THE DRAFT GEAR CASTING

Prototype coupler boxes (the draft gear) are heavy steel castings. They extend the coupler out about six inches. The castings also serve as the end plate for the two center truss rods. On the model we must represent this piece. I am unaware of a commercial casting for this part. [Editor's note: Shortline Foundry makes a D&RGW version in 1.22.5 scale either for truck-mounted or for body-mounted couplers; Ryan Equipment offers one for body-mounted Kadee 820 couplers as part of their new bolster kits in 1:24 scale.] In any event, it is a part you may have to design individually to your model depending on the particular coupler you use. The box you see in the photos was designed to fit my particular coupler. With almost any type of truck-mount coupler you may need to eliminate entirely the portion of the box below the end sill to give clearance for coupler swing. Some box, at least, should be installed for visual effect. As for materials, that's rather easy. I think styrene is by far the best choice. .060-inch sheet seems best to match the wall thicknesses of the original. In your design, try to incorporate the same rib arrangement as the original and almost any attempt will look believable. Paint will help this piece a lot. Even if you airbrush everything it might be a good idea first to brush some paint into the corners to form fillets, better to imitate the original casting.

END STEPS

The Rio Grande used very distinctive steps on their end platforms. The model may follow the originals very closely for two reasons. First, Shortline Foundry makes correct steps in 1:22.5 scale and all you have to do is glue them on; second, if you choose to build them from scratch you'll require only two strips of brass or styrene. I prefer brass because the steps are the most likely part of the car to sustain damage in the event of a derailment. If you make 'em tough you won't have to do 'em all over again. [Editor's note: Shortline Foundry's castings are white metal and fairly rugged. Of course, if they bend or break, you may always buy another.] Use .032-inch x 3/16-inch strip and, using two pliers, bend the main piece.

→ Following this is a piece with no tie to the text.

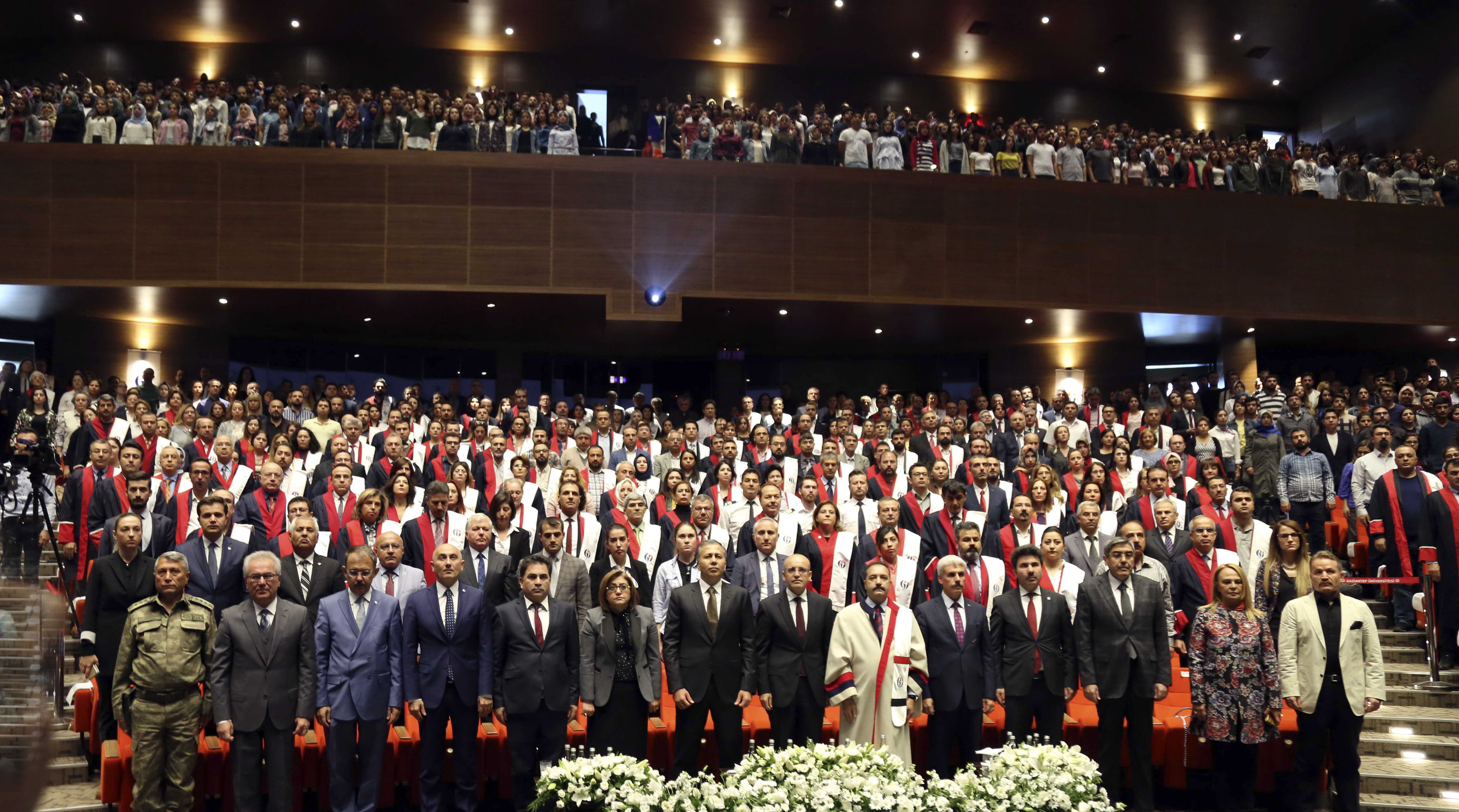 Bu süreçte Gaziantep Üniversitesi’nin de bir bilim yuvası olarak üstüne düşeni yerine getirdiğini kaydeden Rektör Prof. Dr. Ali Gür, sözlerini şöyle sürdürdü: “Her kurum ve her birey kendi üzerine düşen görevi yapıyor ve yapacaktır. Bu coğrafya kolay bir coğrafya değil. Yer üstü ve yer altı zenginliklerinden dolayı sürekli hakimiyet alanı olmaya çalışılmış, dönem dönem işgallere uğramışsa da asla bu coğrafyada var olan milletimiz bunlara boyun eğmemiştir. Biz, koca bir çınarız. Nerdeyse 50 yıllık ve tarihten gelen köklerimizle kurumsal kimliğimizi muhafaza ediyoruz. 53 bin öğrencisiyle. Dile kolay. Aynı zamanda Türkiye’nin farklı coğrafyalarından gelen öğrencilerle birlikte. Dünya coğrafyasından, bütün kıtalardan 108 ülkenin evlatları bizim bağrımızda huzur buluyorlar. Bizi tercih ediyorlar ve dezavantajlara rağmen bu bölgede huzur içerisinde yaşayarak eğitimlerini tamamlayıp ülkelerine dönüyorlar. Bizim hedefimiz birkaç yıl içerisinde 140 ülkeyi burada barındırmaktır. Çünkü bu coğrafyanın misafirperverliğini, kadirşinaslığını bildikten gördükten sonra bu coğrafyanın gelecek şekillenmesinde evlatlarımız her zaman gerekli olan temeli atacaklar.”

Be consistent with both the height and the width. Then bend the back piece. Do it so as to make the back piece fit a bit snugly into the main piece. It will tend to stay in place and make soldering easier. Sand the surfaces you will solder. Hold the assembly in a vice by the "attach tabs" while you do the soldering. I used escutcheon pins to attach my steps, so drilling those holes came next. Clean 'em and paint 'em and they're ready to go. [Editor's note: The correct color would be either boxcar red, black, white or aluminum depending on what era of the D&RGW you want to represent. Prior to the 1940s, black or boxcar red would be correct. Between about 1940 and 1950 the hardware was white. In the '50s the Rio Grande repainted end rails, steps, ladders, and grab irons an aluminum color.]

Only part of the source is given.